Individual artisans and mechanics are entitled to a preference to statutory retainage. Texas Property Code Sec. 53.104. A mechanic is generally defined as those that perform manual labor, while an artisan is generally defined as an individual skilled in a trade requiring manual dexterity (Black's Law Dictionary). After payment of the individual artisans and mechanics, other perfected lien claimants share proportionally in the balance of the retained funds. These individual artisans and mechanics, however, share equally with other lien claimants in available trapped funds.
Perfected mechanic's and materialman's liens are granted a preference over all other liens on improvements that can be removed without material injury to the land, pre-existing improvements, or improvements to be removed from the structure. This preference even extends to deeds of trust filed prior to the inception of the mechanic's lien. Texas Property Code Sec. 53.122; First National Bank v. Whirlpool Corp., 517 S.W.2d 109 (Tex. 1974). The courts, however, have held that a claimant cannot remove a removable unless it can be proven that the claimant furnished the removable that it seeks to remove, i.e., unless it can identify its materials. See Kaspar v. Cockrell-Riggens Lighting Co., 511 S.W.2d 109 (Tex. Civ. App.--Eastland 1974, no writ); Suburban Homes Lumber Co. v. Lomas & Nettleton Fin. Corp., 609 F.2d 1387 (5th Cir. 1980).
Thus, a lumber supplier cannot remove the air handling unit because the lumber supplier did not provide same. The original contractor, however, is entitled to remove all removables provided by it and its subcontractors and suppliers since the entirety of the construction was provided pursuant to his contract with the owner. See Sikes, Inc. v. L & N Consultants, Inc., 648 S.W.2d 386 (Tex. Civ. App.--Dallas 1983, writ ref'd n. r. e.). A lien as to such removables can only be foreclosed by the order of a court with competent jurisdiction. The claimant is not entitled to self-help repossession in regard to these items.

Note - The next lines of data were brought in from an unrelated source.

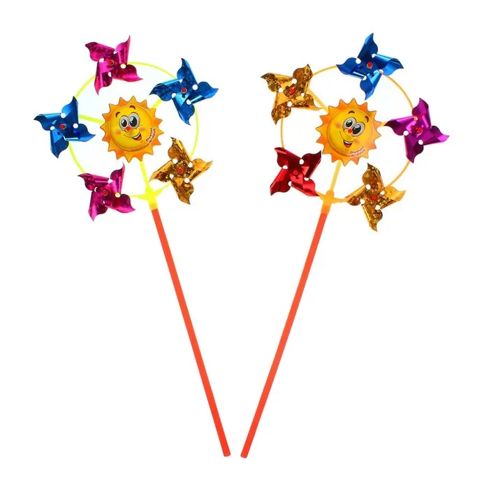 Яркий и лёгкий ветерок из фольги «Солнечного настроения» — отличная игрушка для прогулок и активных игр на свежем воздухе. Его блестящие лепестки красиво переливаются на солнце, а при дуновении ветра начинают быстро вращаться, создавая эффект завораживающего водоворота.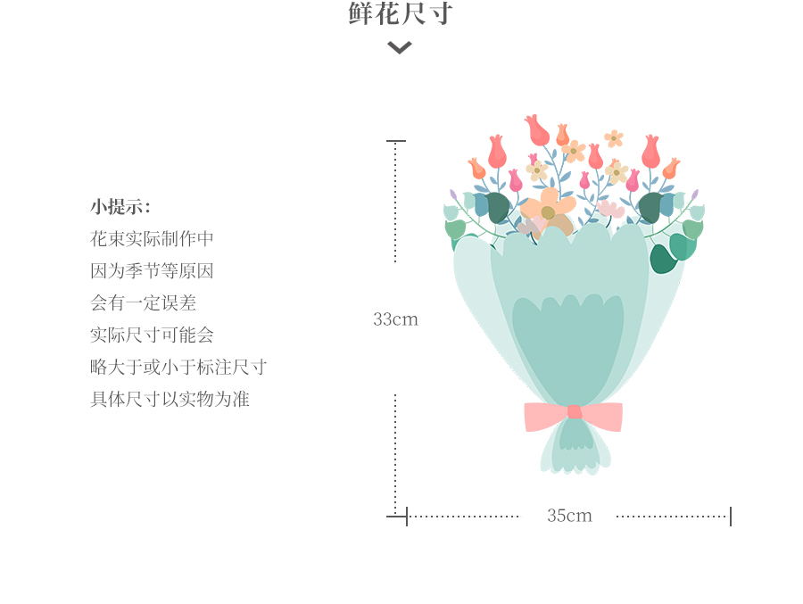 由于鮮花包扎的花藝師不同,可能在花束的形式和搭配上與圖片略有小的區(qū)別,但我們保證鮮花的主花材品種、新鮮程度、數(shù)量、顏色與說(shuō)明一致,感謝您的理解。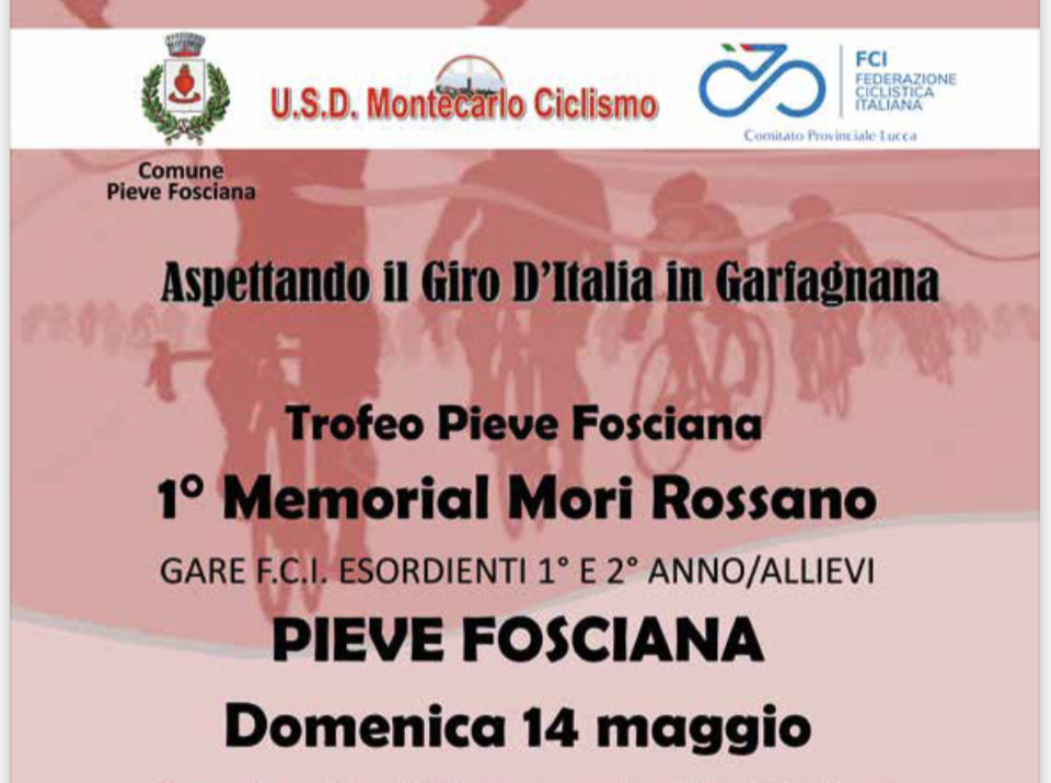 PIEVE FOSCIANA – Domenica 14 maggio l’Usd Montecarlo Ciclismo ed il Comune di Pieve Fosciana, organizzano un importante manifestazione ciclistica agonistica riservata ai giovani delle categorie esordienti 1′ anno (13 anni), esordienti 2′ anno (14 anni) ed allievi (15/16 anni).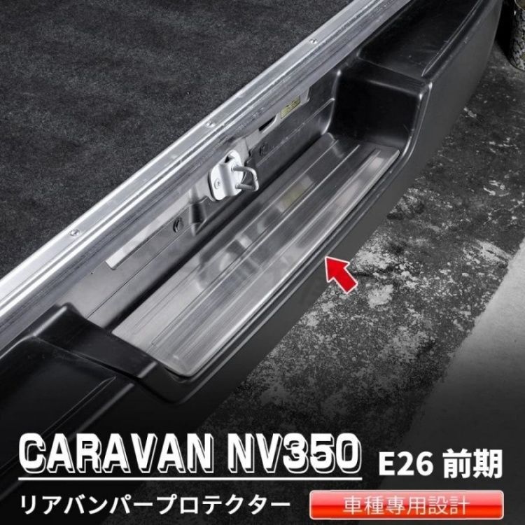 キーワード:NISSAN CARAVAN NV350 E26 リアステップカバー バンパー プロテクター ガーニッシュ ステップガード スカッフプレート 傷付き防止 保護 トリム メッキ ステンレス製 耐久性抜群 ドレスアップ カーパーツ エアロ エクステリア 外装パーツ 車用品 専用設計 キャッシュレス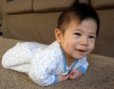 He learned to roll both ways this past month and finds that far more fun than napping, but with lots of arms to hold him, we’re making it work–and his giggles definitely make our school days much brighter!

Whether or not a particular item constitutes a "removable" is a question of fact for a jury to decide and will be decided on a case by case basis. The following is a non-inclusive list of items that the courts have, in the past, held to be removables:
- Garbage disposals and dishwashers. See First Nat. Bank in Dallas v. Whirlpool, 517 S.W.2d 262 (Tex. 1974);
- Air conditioning and heating system equipment such as furnaces, air conditioning coil, compressor, thermostat, and condensing unit. See Houck Air Conditioning, Inc. v. Mortgage & Trust, Inc., 517 S.W.2d 593, (Tex. Civ. App.--Waco 1974, rehearing denied);
- Windows and doors. See First Continental Real Estate Investment Trust v. Continental Steel Co., 569 S.W.2d 42 (Tex. Civ. App.--Fort Worth 1978, no writ);
- Lighting fixtures, cabinets, chimes, buttons, mail boxes and lamps. See Kaspar v. Cockrell-Riggens Lighting Company, 511 S.W.2d 109 (Tex. Civ. App.--Eastland 1974, no writ);
- Picture screen, ticket booth, neon sign, and speaker pools at drive-in movie. See Freed v. Rozman, 304 S.W.2d 235 (Tex. Civ. App.--Texarkana 1951, writ ref'd n.r.e.); and
- Pumps fastened to beds of concrete. See Mogul Prod. & Refining Co. v. Southern Engine & Pump Co., 244 S.W. 212 (Tex. Civ. App.--Beaumont 1922, no writ).

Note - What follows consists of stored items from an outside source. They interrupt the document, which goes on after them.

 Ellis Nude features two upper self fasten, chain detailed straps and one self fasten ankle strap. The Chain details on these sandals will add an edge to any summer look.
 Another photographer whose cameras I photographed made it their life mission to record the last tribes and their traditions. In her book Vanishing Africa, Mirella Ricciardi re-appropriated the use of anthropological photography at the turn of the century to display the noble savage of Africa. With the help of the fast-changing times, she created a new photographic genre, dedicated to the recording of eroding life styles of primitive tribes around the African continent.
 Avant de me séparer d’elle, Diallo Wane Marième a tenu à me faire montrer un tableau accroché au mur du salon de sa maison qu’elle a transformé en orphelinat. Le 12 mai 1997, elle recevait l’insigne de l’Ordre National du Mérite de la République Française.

The following is a non-inclusive list of items that the courts have, in the past, held to be non-removable:
- Concrete roof tiles. See Exchange Sav. & Loan Assn. v. Mononcret Party Ltd., 629 S.W.2d 34 (Tex. 1982);
- Window frames. See McCallen v. Mogul Prod. & Refining Co., 257 S.W.2d 918 (Tex. Civ. App.--Galveston 1923, no writ); and
- Cabinets. See Houck Air Conditioning, Inc. v. Mortgage & Trust Inc., 517 S.W.2d 593 (Tex. Civ. App.--Waco 1974, rehearing denied).

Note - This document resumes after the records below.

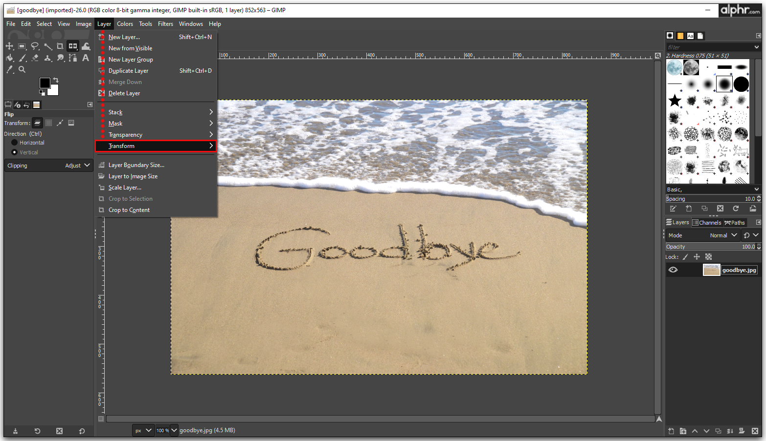 Transforming options are enormously powerful tools in image editing. To flip one layer of the image, follow these steps: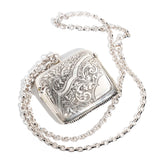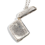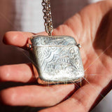 Crafted in sterling silver, this nostalgic 1903 Edwardian Era antique vesta matchbox is engraved with a gorgeous paisley pattern and threaded with a lovely medium contemporary chain. We have named her The Arthur Matchbox & Chain. She is a wonderful callback to a long-gone era.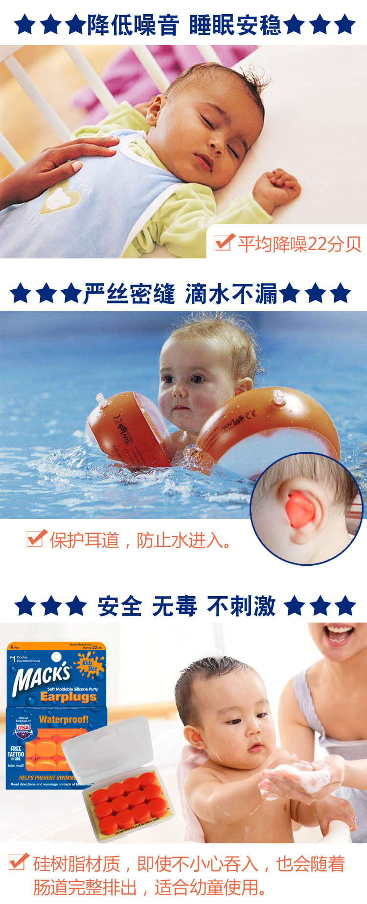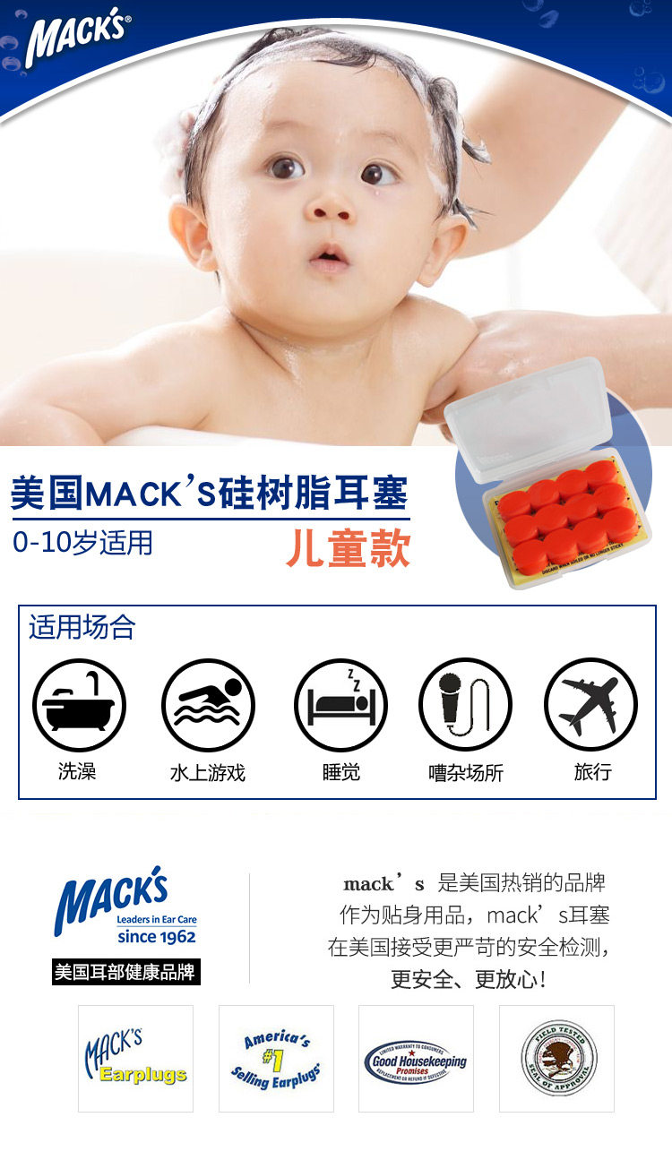 Американский мак малыш детские детские детские затычки для ушей, плавание, купание, водонепроницаемый сон, шум, шум, анти -нитизированные фейерверки

In determining whether an item is removable, the court will look to the manner of its attachment to the land or existing improvements, the extent to which the removal of the item would require repairs, modifications, or protection of the land or existing improvements, the status of the construction at the time the removal is sought, and the function of the improvements sought to be removed. See Exchange Sav. & Loan Assn., 629 S.W.2d 34.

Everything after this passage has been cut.